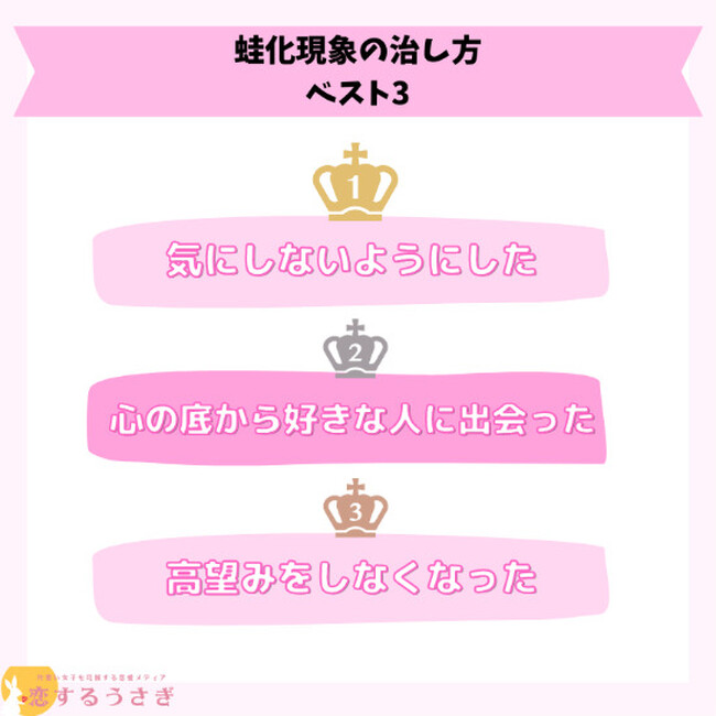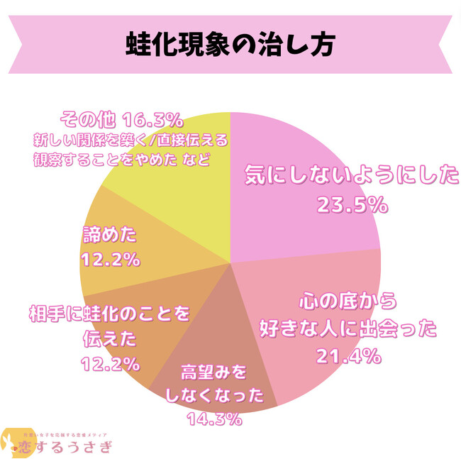 恋するうさぎ編集部が行った『蛙化現象の治し方』のアンケートによると1位:気にしないようにしたが23.5%、心の底から好きな人に出会ったが21.4%、高望みをしなくなったが14.3%という結果になりました。
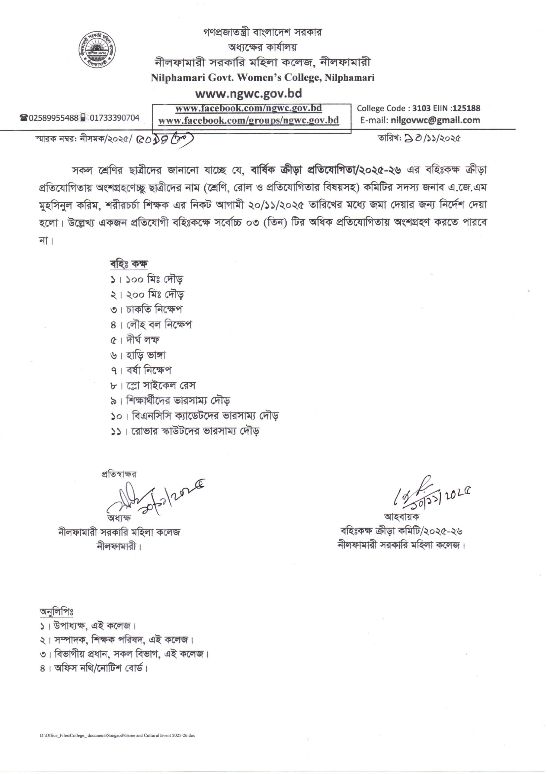 **বার্ষিক ক্রীড়া প্রতিযোগিতা/২০২৫-২০২৬ বহিঃকক্ষ ক্রীড়া প্রতিযোগিতায় বিভিন্ন ইভেন্ট এ অংশগ্রহণেচ্ছু ছাত্রীদের নাম জমা**
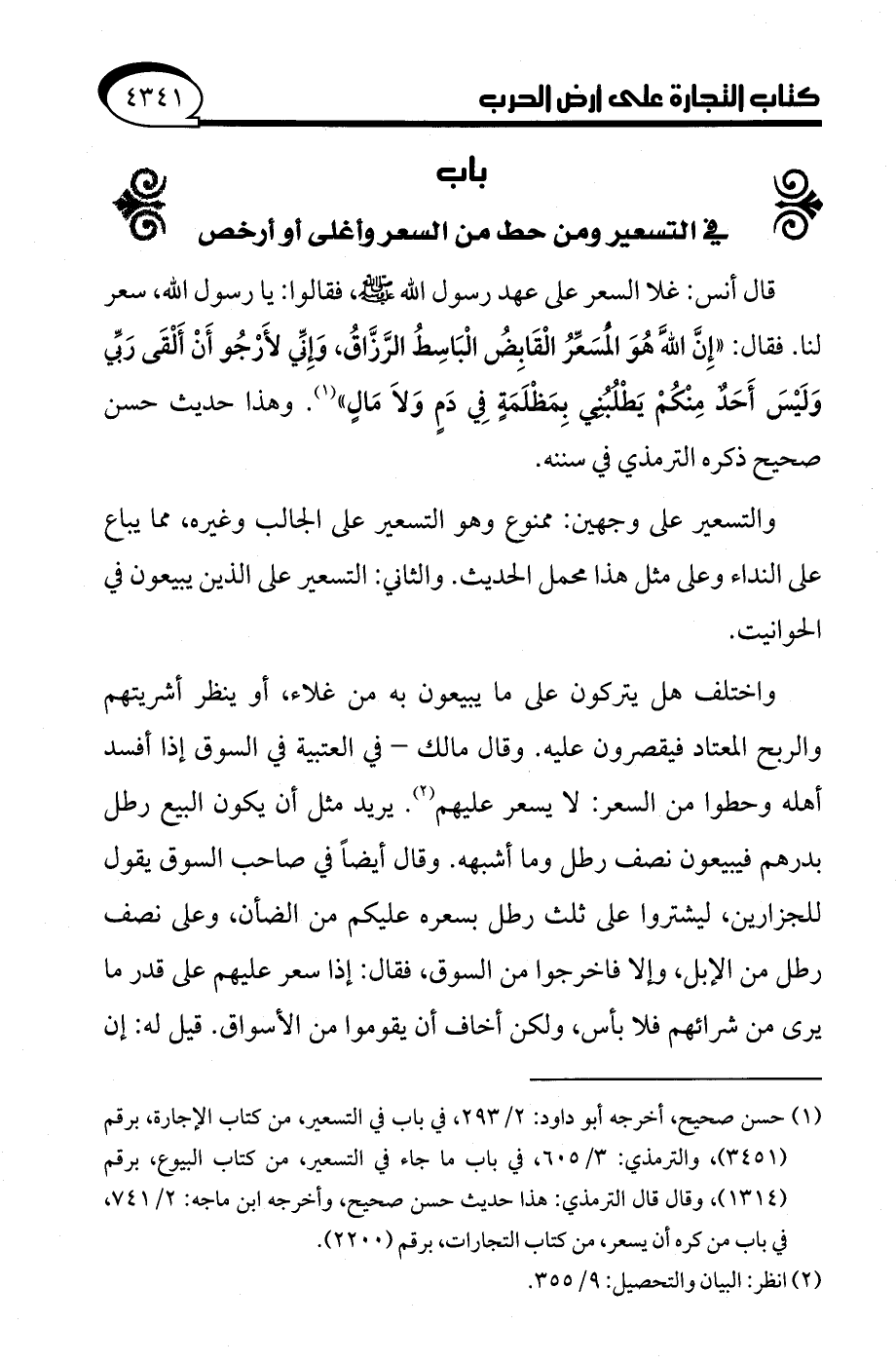باب في التسعير ومن حط السعر وأغلى أو أرخص

- **TO DO**: Only the lines from the line with "ছাত্রীদের নাম জমা**" to the bottom of the material above should be reproduced, exactly and without pictures.

- **RESPONSE TO THIS TASK**:
 **বার্ষিক ক্রীড়া প্রতিযোগিতা/২০২৫-২০২৬ বহিঃকক্ষ ক্রীড়া প্রতিযোগিতায় বিভিন্ন ইভেন্ট এ অংশগ্রহণেচ্ছু ছাত্রীদের নাম জমা**
باب في التسعير ومن حط السعر وأغلى أو أرخص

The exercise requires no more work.